The Peacemaking Circle is a dialog process combining ancient wisdom about living in community with modern understandings about complex multicultural societies. The process is used for holding difficult conversations and for strengthening relationships within a group. This course will provide experience in the Peacemaking Circle process as well as an understanding of the foundational values and key structural elements of the process. Participants will learn to design and conduct Peacemaking Circles.

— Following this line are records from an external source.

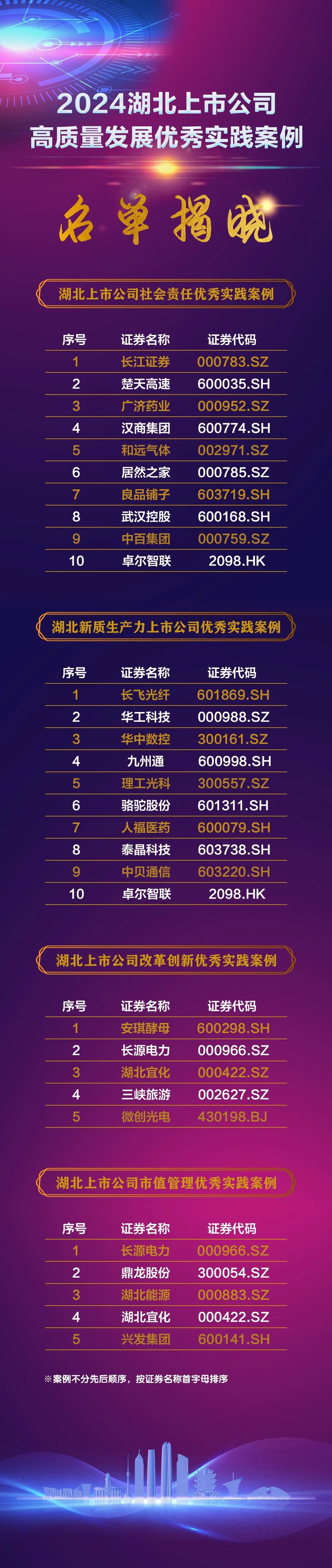 優(yōu)秀的企業(yè)總是自帶光芒。此次活動現(xiàn)場還發(fā)布了《2024湖北上市公司高質量發(fā)展優(yōu)秀實踐案例》,該案例由湖北日報編輯部、支點財經(jīng)/支點雜志編輯部聯(lián)合湖北省社會科學院、華中科技大學經(jīng)濟學院、武漢大學經(jīng)濟與管理學院、楚商智庫等智力支持單位,通過深度調(diào)研走訪、案例征集、模型搭建、數(shù)據(jù)分析、問卷調(diào)查等環(huán)節(jié),最終從社會責任、新質生產(chǎn)力、改革創(chuàng)新、市值管理四個方面,共選取30個2023年表現(xiàn)優(yōu)秀的湖北上市公司案例,詳細解讀優(yōu)秀背后的成功密碼與經(jīng)驗教訓,以期為更多企業(yè)提供參考借鑒。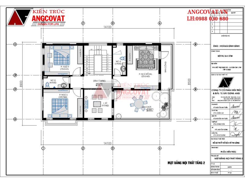 +) Tầng 2: Sảnh thang: 3.6m2, Phòng ngủ 2: 15m2, WC2: 4m2, Phòng ngủ 3: 14m2, Phòng ngủ bố mẹ:20m2,Sân chơi, Ban công.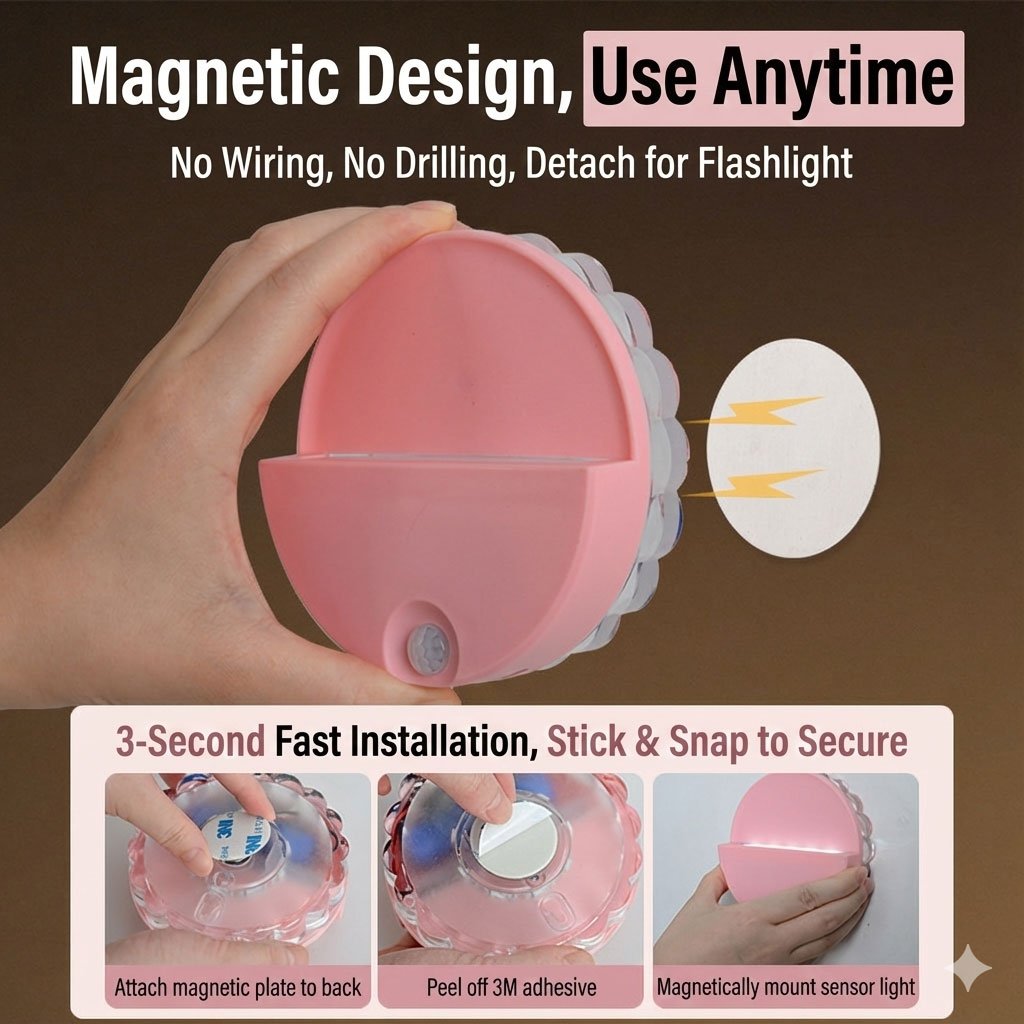 💡✨ مصباح ليلي ذكي مغناطيسي بتصميم كريستالي ✨💡🔧 تركيب فوري بدون أدوات بفضل نظام Stick & Snap يمكنك تثبيت المصباح في 3 ثوانٍ فقط ⏱️ ✔️ لاصق 3M قوي ✔️ بدون حفر أو أسلاك ✔️ لا يترك أي أثر على الجدران 🧱🧲 تصميم مغناطيسي 2 في 1 مزود بقاعدة مغناطيسية قوية تسمح بفصله بسهولة ✋ 👉 استخدمه كمصباح حائط ثابت 👉 أو كمصباح يدوي محمول للتنقل بأمان ليلاً 🌙👣 استشعار حركة ذكي حساس دقيق يضيء المصباح تلقائيًا عند اكتشاف الحركة في الظلام ✔️ إضاءة بدون لمس ✔️ توفير في الطاقة 🔋💎 تصميم أنيق بلمسة كريستالية لون وردي ناعم مع حواف محفورة بتأثير الكريستال ✨ ليس مجرد إضاءة، بل قطعة ديكور راقية مثالي لغرفة الأطفال 👶، غرفة الملابس 👗، أو المداخل 🚪🛡️ متعدد الاستعمالات وآمن إضاءة لطيفة لا تؤذي العين 👀 مثالي للإرشاد الليلي بدون إبهار حل ممتاز للمستأجرين أو الأماكن بدون مقابس كهرباء مثل: داخل الخزائن، الأدراج، السلالم 🪜🌈 ألوان RGB متعددة 📐 الأبعاد: 9 × 9 سم✨ إضاءة ذكية… أناقة، أمان، وسهولة في كل مكان!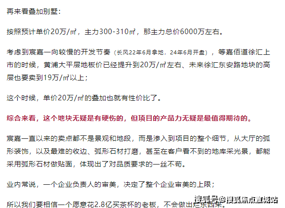 叠加别墅均价约19.8-20.3万元/㎡(总价约4800-6300万元)。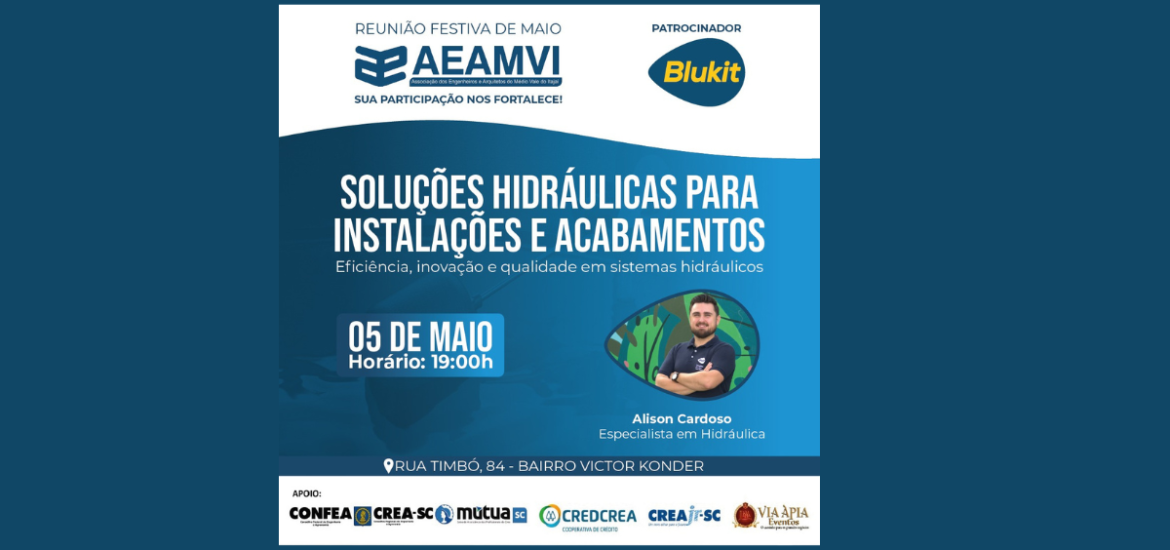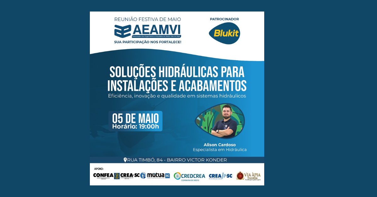 No próximo dia 05 de maio, a AEAMVI realiza sua terceira Festiva de 2026. O encontro técnico e de networking terá o patrocínio da empresa Blukit, quando o profissional Alison Cardoso ministrará a palestra: “Soluções Hidráulicas para Instalações e Acabamentos”. A festiva inicia às 19 horas, no auditório da Inspetoria de Blumenau do CREA-SC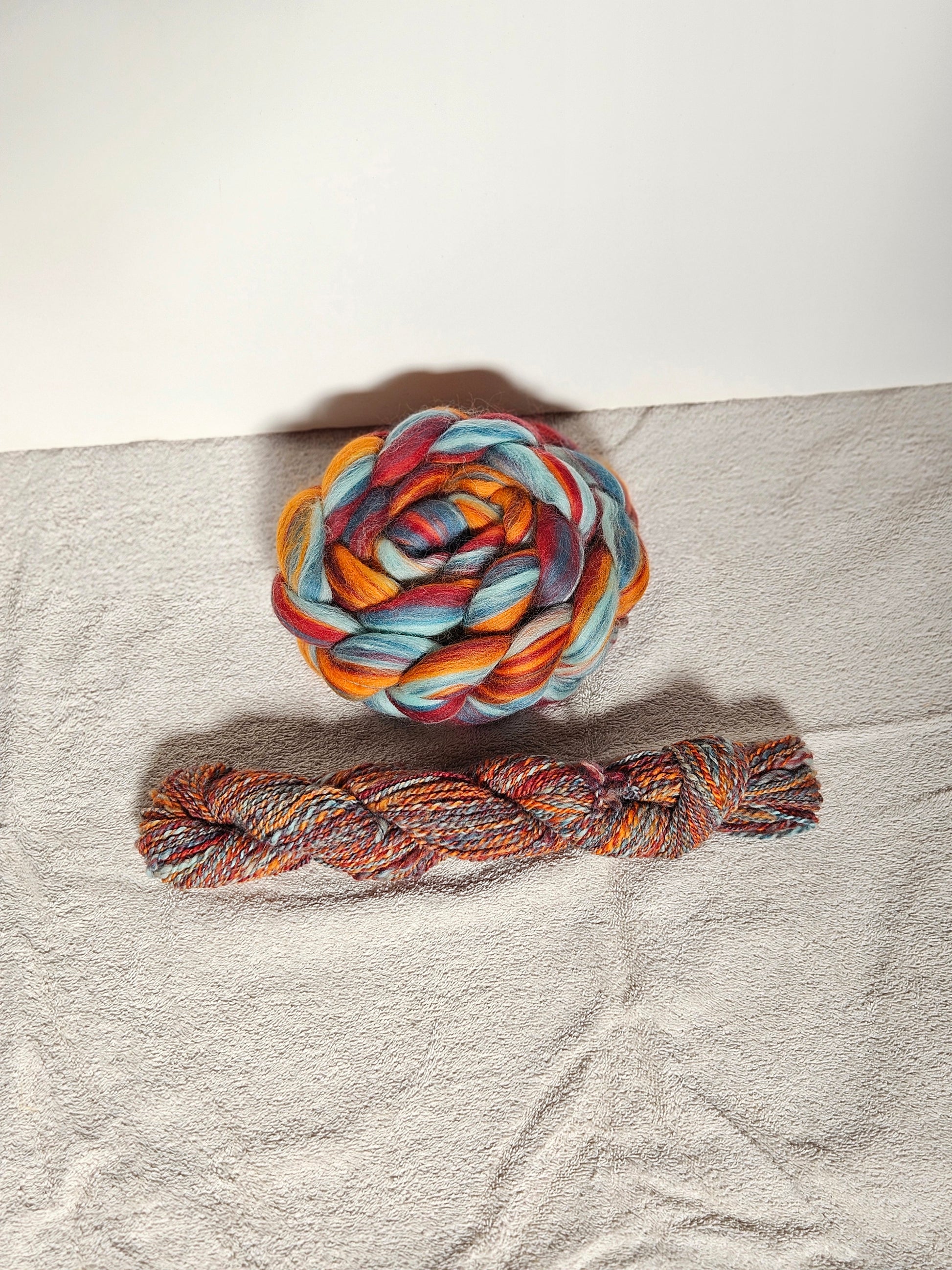 Gorgeous Merino Wool Combed Top blended into striking colors. Soft handle that spins up beautifully. Sample yarn was spun from the fold. 4 oz braid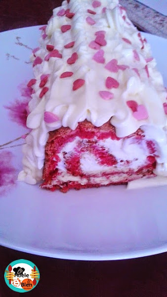 Así que me puse manos en la masa. he hice este brazo gitano lleno de corazones y buttercream de queso, para que resaltara el bizcocho, lo hice de color rojo y con aroma de fresa...También hice unos pastelitos de limón...otro momento publicaré la receta.

Respectful dialogue across significant differences in life experience and perspective is one of the most pressing needs of our time. The Peacemaking Circle process offers a highly accessible and flexible approach for discussion of the most fraught topics. In this time of highly polarized public conversations, people are coming together in Circles to talk about the most difficult issues – police/community relations, childhood sexual abuse, racial inequities, crime and violence, historical trauma, European unity – in a way that maintains respect and nurtures understanding of one another.

 

Beyond helping people recognize and honor differences, the Peacemaking Circle process allows people to recognize common ground and shared values. Circles build strong, healthy relationships in a group of people – giving everyone a voice, honoring the importance of each member of a community, and creating a sense of belonging for everyone.

 

This course will explore the values and philosophy that provide the foundation of the Peacemaking Circle process, acknowledging its indigenous origins. It will also analyze the structure of the Peacemaking Circle process and describe a variety of types of Circles. The course will provide examples of the use of the process in schools, families, social services, faith communities, workplaces, neighborhoods, and the justice system. Participants will learn to design and conduct Peacemaking Circles for community building, conflict resolution and increasing commitment to the common good. Both philosophy and practice will be addressed. The course will be conducted in the Peacemaking Circle format and will be highly interactive, using the life experiences of all the participants as a teaching resource. Special attention will be given to the role of the facilitator and the key skills of Circle facilitation.

 

This course is being offered for training and for academic credit. The syllabus details the number of credits hours and associated course requirements.